Dr. Benjamin Spock, the Rev. William Sloane Coffin, and the others known as the Boston Five were indicted in 1968 for doing essentially what John Lilburne and John Peter Zenger had done: saying things which might disrupt the military and bring about ill opinion of government.

The Boston Five could not be charged, as Lilburne had, with treason, because the treason law had drastically changed in the Glorious Revolution of 1688 and the American Revolution. The American Constitution prevented anyone from being charged with constructive treason.103 Nor could they be charged, as Zenger had, with seditious libel because that doctrine had been scrapped. The First Amendment’s “Congress shall make no law abridging the freedom of speech” stands against it, and the Supreme Court has insured that seditious libel will not reappear by shaping their several interpretations of the First Amendment to be versions of Justice Holmes’s requirement that the circumstances of the speech will “create a clear and present danger that they will bring about the substantive evils that Congress has a right to prevent.”104 But a charge of conspiracy against the Boston Five was possible.

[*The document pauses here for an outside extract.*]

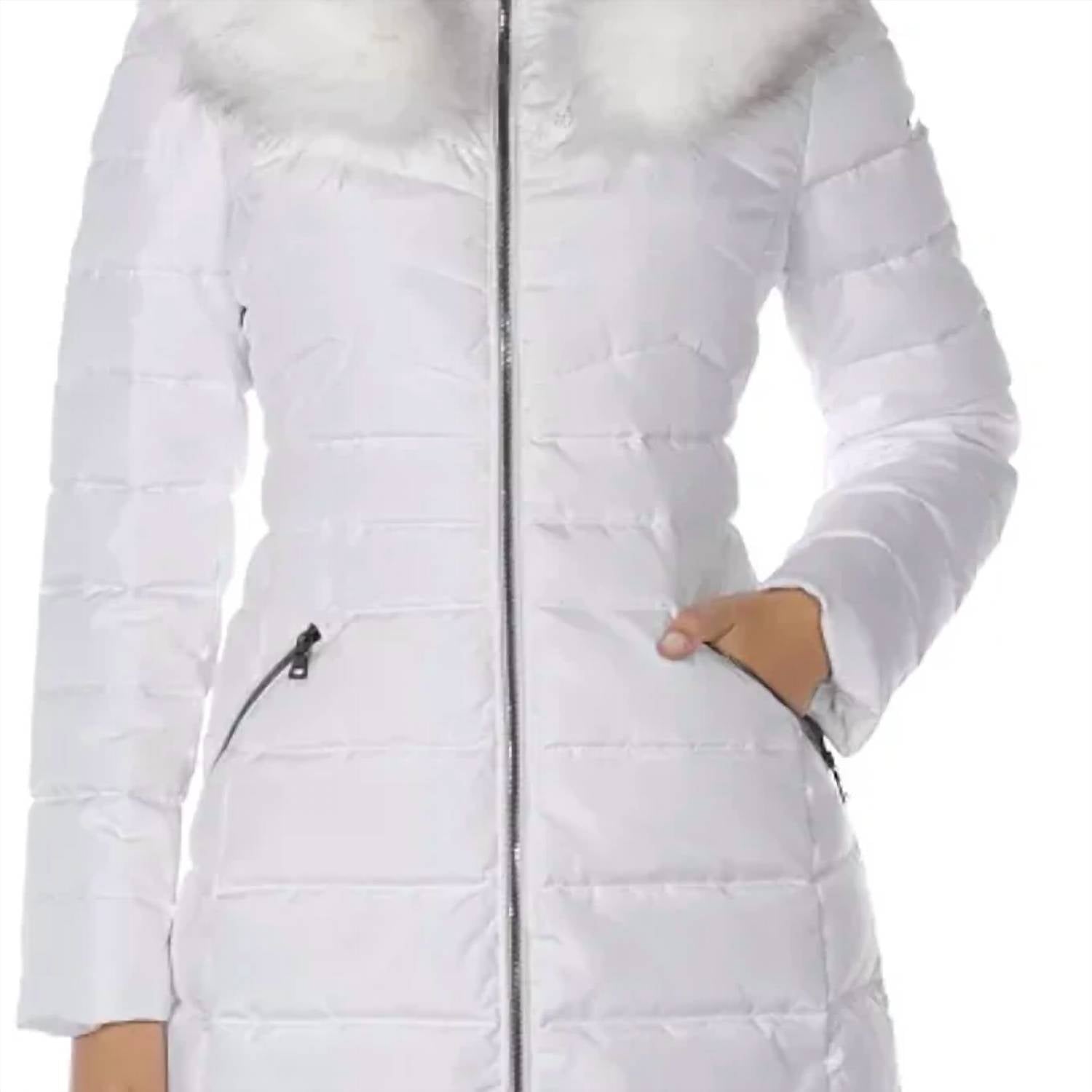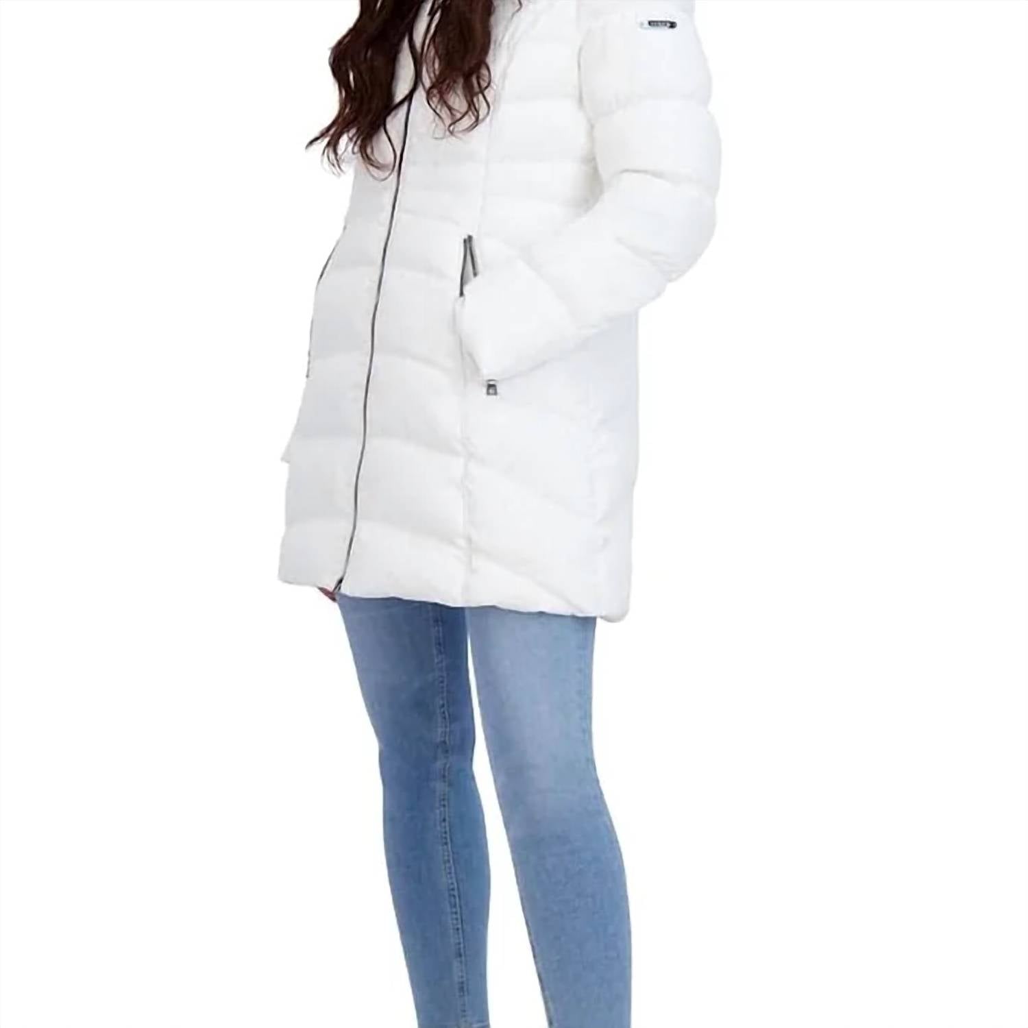 Cozy, cute and timeless. The puffer jacket that will keep you warm all season long. A cold-weather essential with polished, modern appeal, this Laundry by Shelli Segal puffer coat blends warmth, comfort, and a flattering silhouette. Designed in a crisp Real White, this coat features chevron quilting that creates a streamlined look while maintaining lightweight warmth. The hood is finished with luxuriously soft faux-fur trim, offering added insulation and an elevated finish. Thoughtful details include silver-tone hardware, a full front zip closure, and angled zip pockets that combine function with a sleek, contemporary aesthetic. The fitted, mid-thigh length cut provides coverage without bulk, making this an ideal everyday winter coat for city wear, travel, or casual outings. Details: Brand: Laundry by Shelli Segal Style Number: 109001214 Color: Real White Quilted puffer coat with chevron stitching Faux fur–trim hood Full front zip closure Silver-tone hardware Zip pockets at hips Fitted, mid-thigh length silhouette Lightweight yet warm construction Fabric & Materials: Shell: 100% Polyester Lining: 100% Polyester Fill: Polyester insulation Fur Trim: Faux fur Fit Notes: Runs true to size with a slim, flattering fit that layers comfortably without feeling bulky. A versatile, timeless winter coat from a trusted designer — perfect for everyday wear, travel, and polished cold-weather styling

In 1967, after the Vietnam War had been drastically escalated and the draft became a focal point of protest, a petition made its way around the country, especially on college campuses, gathering 28,000 signatures. “A Call to Resist Illegitimate Authority” was addressed “to the young men of America, to the whole of the American people, and to all men of good will everywhere.” It declared that “an ever growing number of young American men are finding that the American war in Vietnam so outrages their deepest moral and religious sense that they cannot contribute to it in any way.” It cited the Constitution and the United Nations Charter as a treaty to argue that the war was “unconstitutional and illegal.” It maintained that the United States had violated treaties and principles of law in fighting the war, committing crimes against humanity for which the Nuremberg defendants were tried.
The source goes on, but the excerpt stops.